(5ー15)初詣1
樹にとってはまるで当たり前のことを言うような口調だった。
部屋が静まり返る。
忠史の動きも止まった。
浩子も。
美樹も。
誰もその意味がわからない。
三人の頭の中には、またしても大きな疑問符が浮かんでいた。
樹は黒い玉から浩子へと視線を移し、当たり前のように言葉を続けた。
「持っていかないとねぇ、おばちゃん」
そう言って、にこりとほほ笑む。
突然話を振られた浩子は一瞬きょとんとした。
「え? あ、ああ……」
何をどう返せばいいのかわからない。けれど、樹は冗談を言っている様子ではない。
「あ、うん、そうね。持って行きましょうね」
そう言って浩子は穏やかに笑った。
そして、台所へ向かい引き出しの中から少し厚手の紺色の巾着袋を取り出してきた。
「このまま持つよりこっちの方がいいわね」
黒い玉をそっと巾着へ納める。
ずしり、と重みが伝わった。
「これ、オレが持つよ」
忠史は巾着を受け取ると、その重さを確かめるように持ち直した。
「よし」
浩子がみんなを見回す。
「じゃあ、行こうか」
一同は玄関を出て、新年の澄んだ空気の中へ歩き出した。向かう先は、遠藤家が毎年初詣に訪れる氏神様だった。
車を使うほどの距離ではない。
歩いて十分ほど。
子どもの頃から何度も通った見慣れた道を忠史は樹と並んで歩く。樹は途中から美樹と手をつなぎ、屋根の上や木々の枝を見上げながら楽しそうに歩いていた。
「寒いけど、いい天気だねぇ」
「ほんとだね」
美樹も笑顔になる。
やがて神社へ着くと、元日らしい賑わいが迎えてくれた。
大きな神社ではない。それでも、地元の人々に長く親しまれてきた場所だけあって参道には次々と参拝客が訪れている。

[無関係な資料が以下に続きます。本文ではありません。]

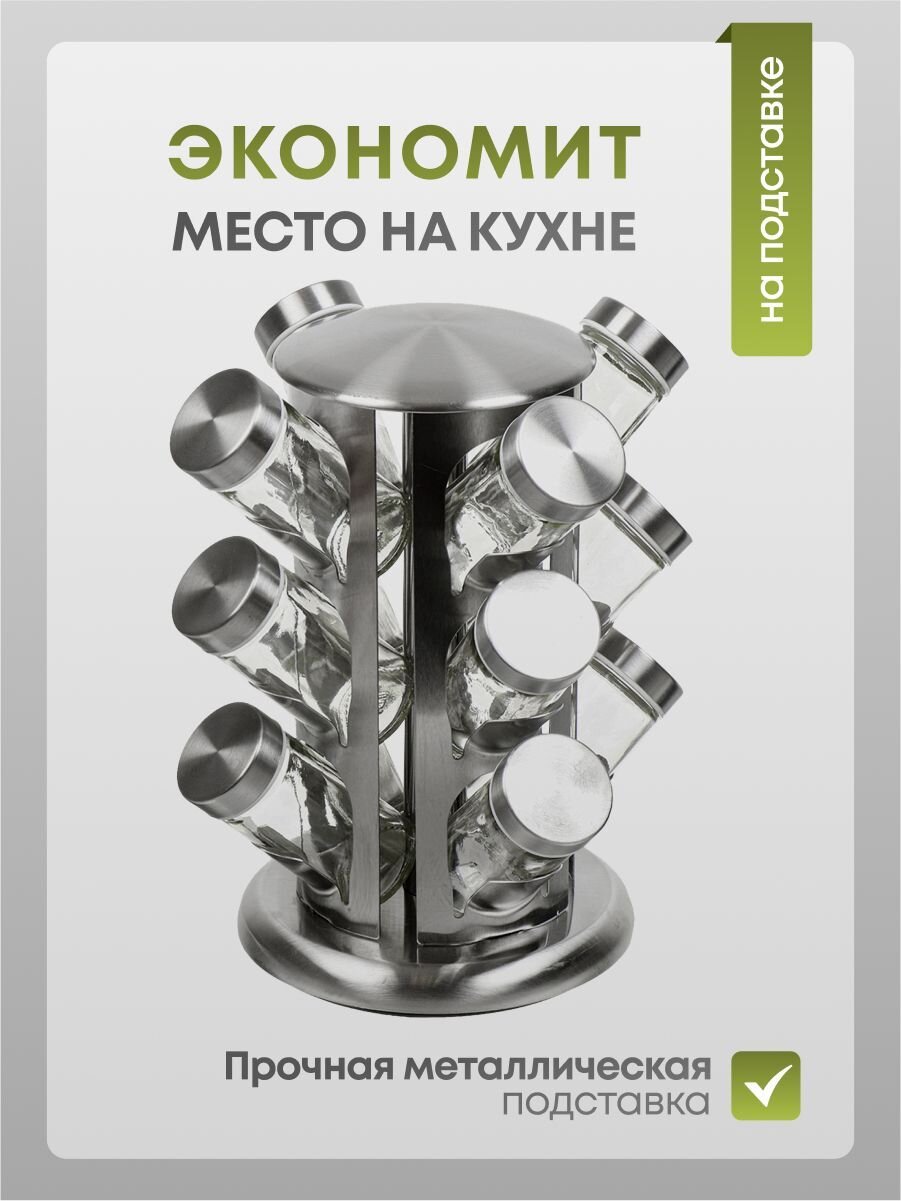 Набор для специй на подставке – это отличное решение, позволяющее удобно использовать специи и приправы во время приготовления.

境内には甘酒や焼きそば、たこ焼きなどの屋台が並び、香ばしい匂いが冬の空気に漂っていた。
「わぁ、お祭りみたい!」
樹が目を輝かせる。
鳥居の前で一礼し、四人はゆっくりと境内へ入った。
参道脇の手水舎で手と口を清め、拝殿へ続く列の最後尾へ並ぶ。前の家族の小さな子どもが眠そうに父親へ抱かれている。そんな何気ない光景を眺めながら、忠史は昨夜の出来事を思い返していた。
能力が発現したこと。
渉と意識がつながったこと。
奥袴狭へ捲ったこと。
まだ夢の続きを歩いているような、不思議な感覚が残っていた。